Wisconsin man went from feeling breathless to getting a lung transplant in seven days
If Bill Sanders is on a treadmill and sees that the person next to him is running 6 mph, he will bump his own speed up to 6.4. Sanders describes himself as athletic and competitive, so when he suddenly found himself breathless from walking his dog, he knew something was wrong.
In October 2023, Sanders went from a doctor visit in Chilton, Wisconsin, to an emergency room. Suspecting a heart problem, the doctors referred Sanders to see a cardiologist. It turned out that his heart was fine, but the coughing and breathlessness continued to worsen. A couple weeks later, Sanders was back in the emergency room – this time in Appleton, Wisconsin. His diagnosis was interstitial lung disease. The only cure was a lung transplant.
A doctor from the hospital in Appleton called the lung transplant team at M Health Fairview.

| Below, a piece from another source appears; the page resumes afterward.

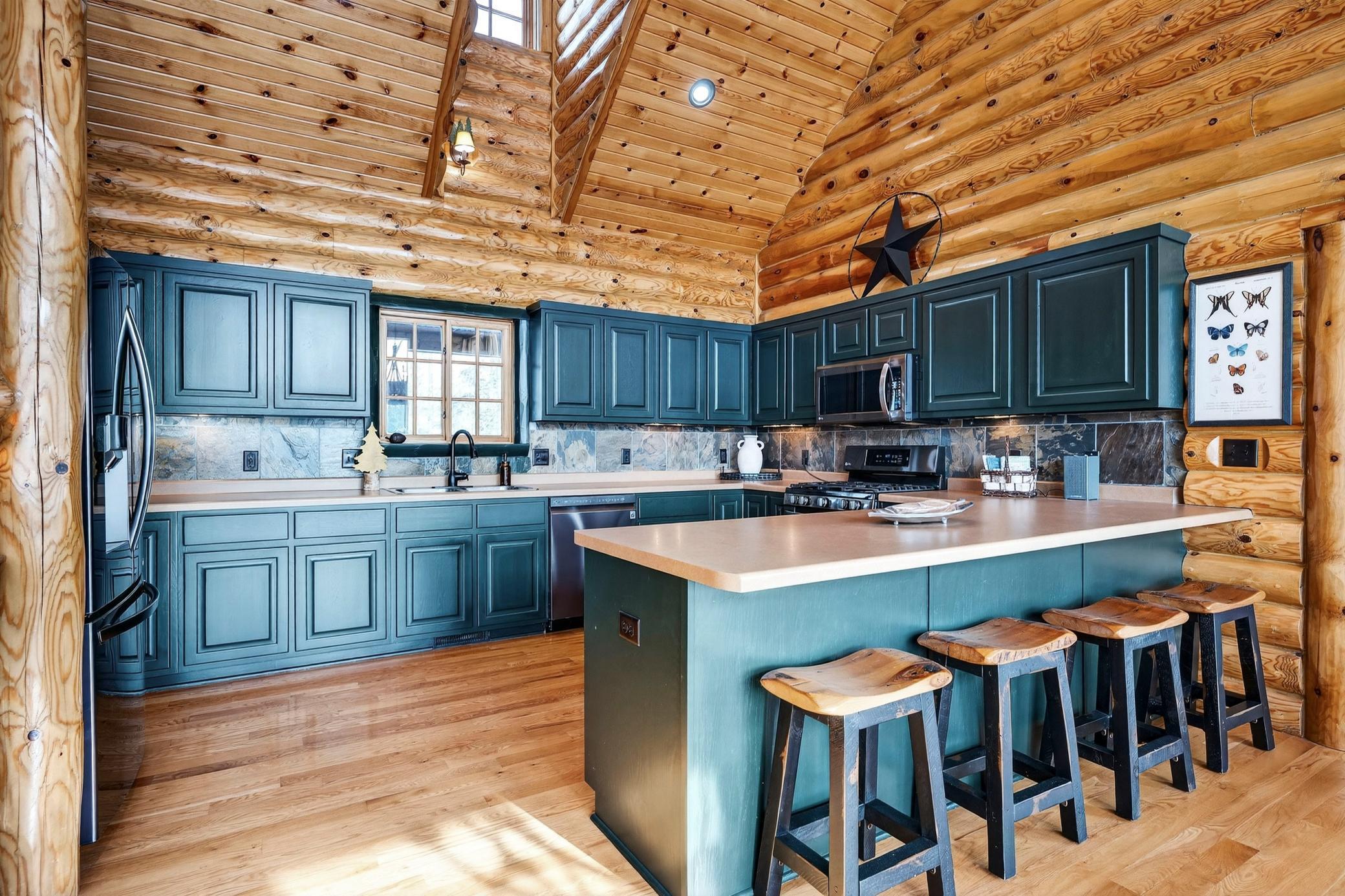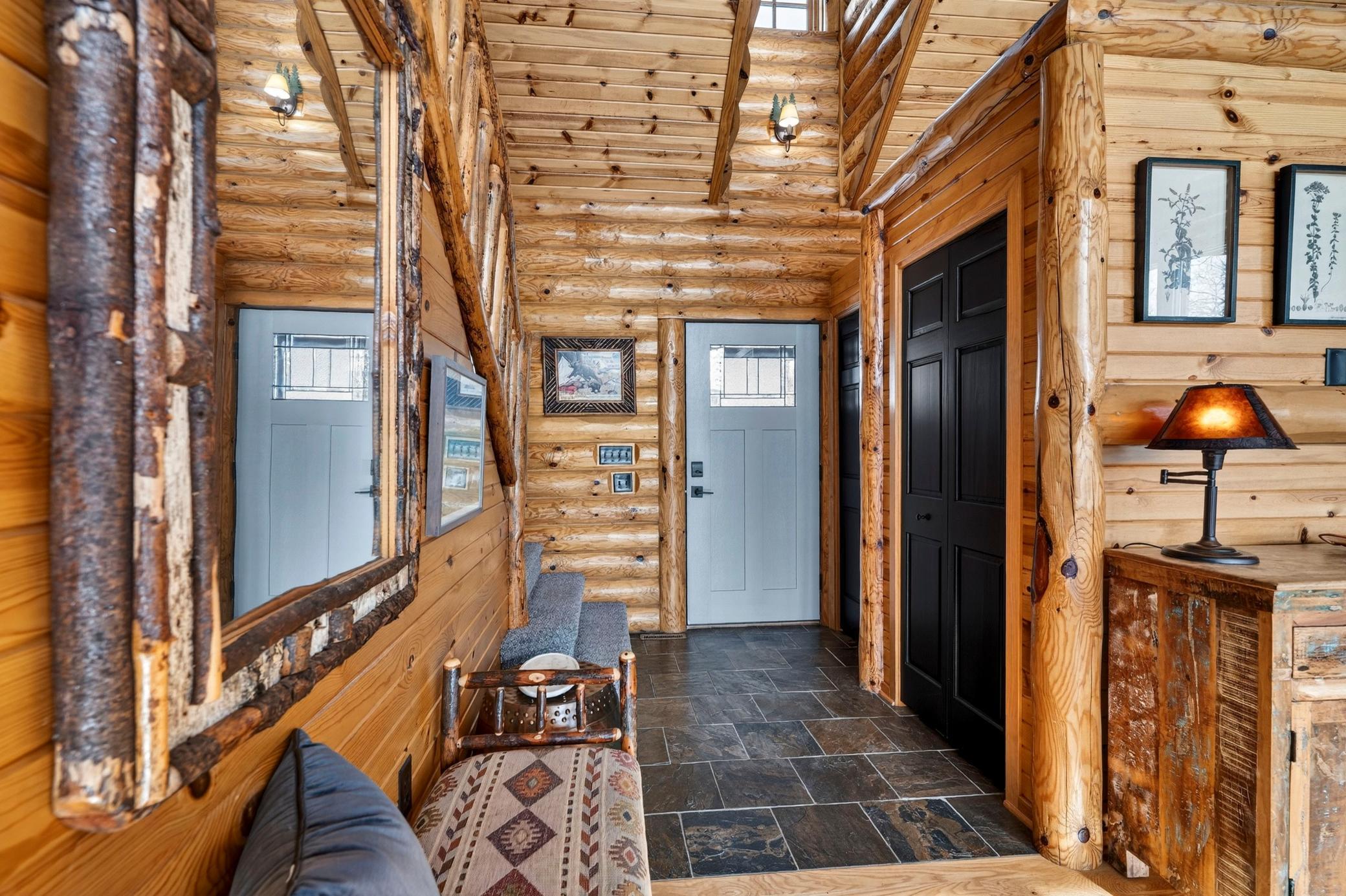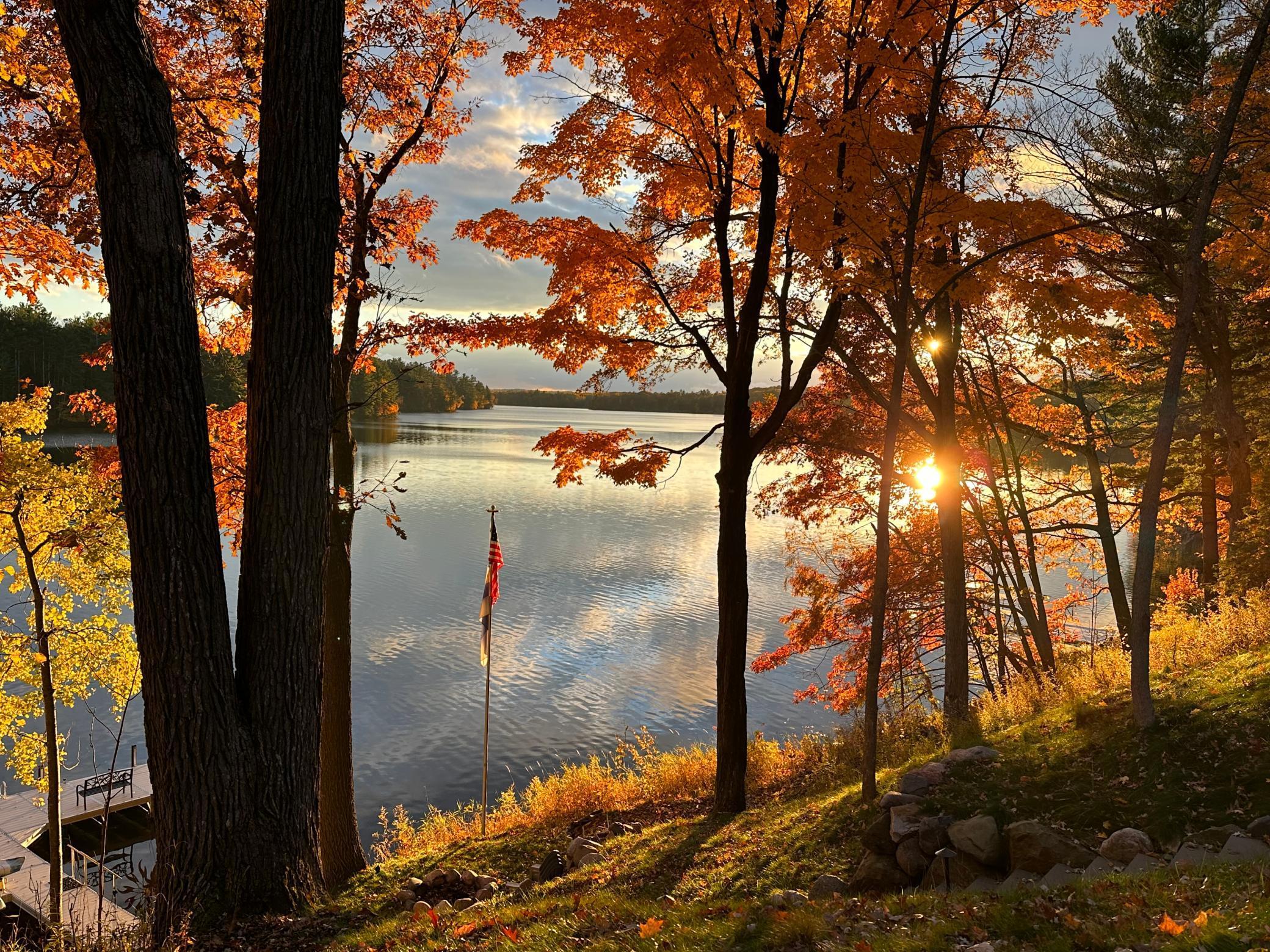 Stunning property on Long Lake! This immaculately cared-for 4-BR, 3-BA chalet-style home offers 3,200 sq ft of open-concept living space with breathtaking lake views on a private lot. Inside, soaring wood ceilings, half-log interior details, hardwood floors, heated tile bathrooms, and a stone fireplace create a cozy yet elegant retreat. The walk-out lower level features a spacious family room with a wet bar, perfect for entertaining. Wake up to lake views from the luxurious owners suite with fireplace. Enjoy outdoor living with a screened porch, decks, a lakeside patio, and a professionally landscaped lot with stone steps to the shoreline and a sandy swimming area. Recent updates include a new 50-year roof, heated garage, stamped concrete sidewalks, circular driveway, new laundry room, new furnace, Generac generator, and more. Long Lake offers 19 miles of exceptional fishing and boating, scenic shoreline, sandbars, a marina, and a boat-up golf course. ATV trails nearby. Sold with some furnishings.

“He was about to go on a breathing machine and probably pass away,” said Anupam Kumar, MD, FCCP, lung transplantation director at M Health Fairview and an associate professor at the University of Minnesota Medical School.
“The next thing I knew, they flew me to Minnesota,” Sanders said. “I know they called my son and said, ‘anything you want to say to your dad, you should say it now.’”
Sanders doesn’t remember much after that until he woke up in a hospital room with his wife, son, brother, and niece nearby. “Then a nurse came in and said she was going to take my oxygen and I said, ‘no you can’t. I can’t breathe without it,’” Sanders said.
That’s when Kristi, his wife, gave him the news: He had a lung transplant.
It all came together quickly.
A combination of good luck and getting to the right hospital took Sanders, 68, from considering signing do-not-resuscitate paperwork to breathing easy in only a week.
Sanders’ lungs had extensive scarring from interstitial lung disease, Kumar said. “For patients who experience acute exacerbation of interstitial lung disease, only about half are alive three months later.”
The lung transplant team at M Health Fairview acted quickly to complete the necessary tests to get Sanders, who was otherwise in good health, on the lung transplant list.
“All the while, he was very close to cardiac arrest and death,” Kumar said. “Ultimately he required ventilator support but fortunately we got appropriate donor lungs in time and we were able to perform lung transplant surgery.”
It all happened so fast that his wife, Kristi, barely had time to pack for a two- or three-month stay and find care for their two dogs before driving to Minneapolis.
“Once we know that someone needs help, everybody just comes together and does their part and that's why I think that timeline of finishing all the evaluation in three to four days is so critical,” Kumar said. “We have a wonderful team that is experienced enough to do it.”